Task description ▸ Retype nothing except the lines below from the one with "砂遊びでは玩具を共有しながら" through the one with "Портативная колонка JBL", exactly, with images left out.

The data ▸
=-=-=

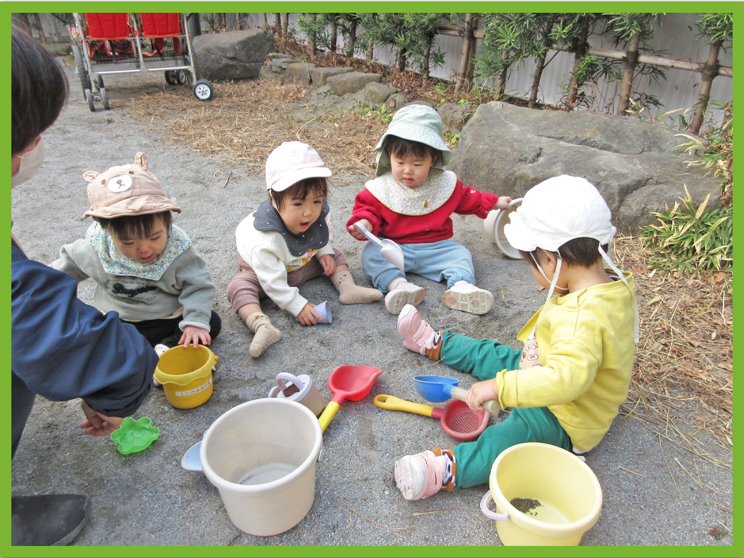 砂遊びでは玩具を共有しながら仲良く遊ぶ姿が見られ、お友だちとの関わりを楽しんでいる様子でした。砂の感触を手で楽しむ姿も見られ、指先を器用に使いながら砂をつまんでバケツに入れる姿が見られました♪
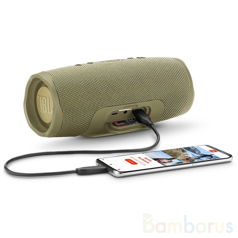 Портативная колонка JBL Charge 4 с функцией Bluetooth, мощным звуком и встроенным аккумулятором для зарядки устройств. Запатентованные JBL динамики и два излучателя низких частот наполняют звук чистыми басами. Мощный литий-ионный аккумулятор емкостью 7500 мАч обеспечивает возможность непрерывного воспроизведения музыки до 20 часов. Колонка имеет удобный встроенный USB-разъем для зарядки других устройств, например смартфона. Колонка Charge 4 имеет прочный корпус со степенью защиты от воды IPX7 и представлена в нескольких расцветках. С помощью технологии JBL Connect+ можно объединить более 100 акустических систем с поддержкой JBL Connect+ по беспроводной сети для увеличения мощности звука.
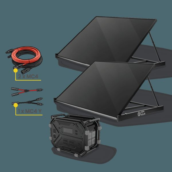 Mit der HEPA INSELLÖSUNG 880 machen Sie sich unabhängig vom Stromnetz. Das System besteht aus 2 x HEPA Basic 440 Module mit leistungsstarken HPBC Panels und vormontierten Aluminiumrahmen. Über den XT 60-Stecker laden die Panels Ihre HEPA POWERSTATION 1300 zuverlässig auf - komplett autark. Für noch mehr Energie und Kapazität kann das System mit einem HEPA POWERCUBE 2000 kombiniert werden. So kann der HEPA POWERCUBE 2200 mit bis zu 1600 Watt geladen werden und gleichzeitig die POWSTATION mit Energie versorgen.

=-=-=

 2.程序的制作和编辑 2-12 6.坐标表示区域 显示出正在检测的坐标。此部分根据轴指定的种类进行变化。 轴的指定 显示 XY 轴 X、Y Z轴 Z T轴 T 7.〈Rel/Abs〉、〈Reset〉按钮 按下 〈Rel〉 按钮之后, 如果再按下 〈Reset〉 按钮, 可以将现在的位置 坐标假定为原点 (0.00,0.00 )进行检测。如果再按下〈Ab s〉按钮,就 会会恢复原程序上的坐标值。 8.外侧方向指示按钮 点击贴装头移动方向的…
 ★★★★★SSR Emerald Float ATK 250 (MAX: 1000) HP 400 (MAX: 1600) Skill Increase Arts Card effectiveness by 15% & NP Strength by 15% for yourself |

=-=-=

Expected output ▸
 砂遊びでは玩具を共有しながら仲良く遊ぶ姿が見られ、お友だちとの関わりを楽しんでいる様子でした。砂の感触を手で楽しむ姿も見られ、指先を器用に使いながら砂をつまんでバケツに入れる姿が見られました♪
 Портативная колонка JBL Charge 4 с функцией Bluetooth, мощным звуком и встроенным аккумулятором для зарядки устройств. Запатентованные JBL динамики и два излучателя низких частот наполняют звук чистыми басами. Мощный литий-ионный аккумулятор емкостью 7500 мАч обеспечивает возможность непрерывного воспроизведения музыки до 20 часов. Колонка имеет удобный встроенный USB-разъем для зарядки других устройств, например смартфона. Колонка Charge 4 имеет прочный корпус со степенью защиты от воды IPX7 и представлена в нескольких расцветках. С помощью технологии JBL Connect+ можно объединить более 100 акустических систем с поддержкой JBL Connect+ по беспроводной сети для увеличения мощности звука.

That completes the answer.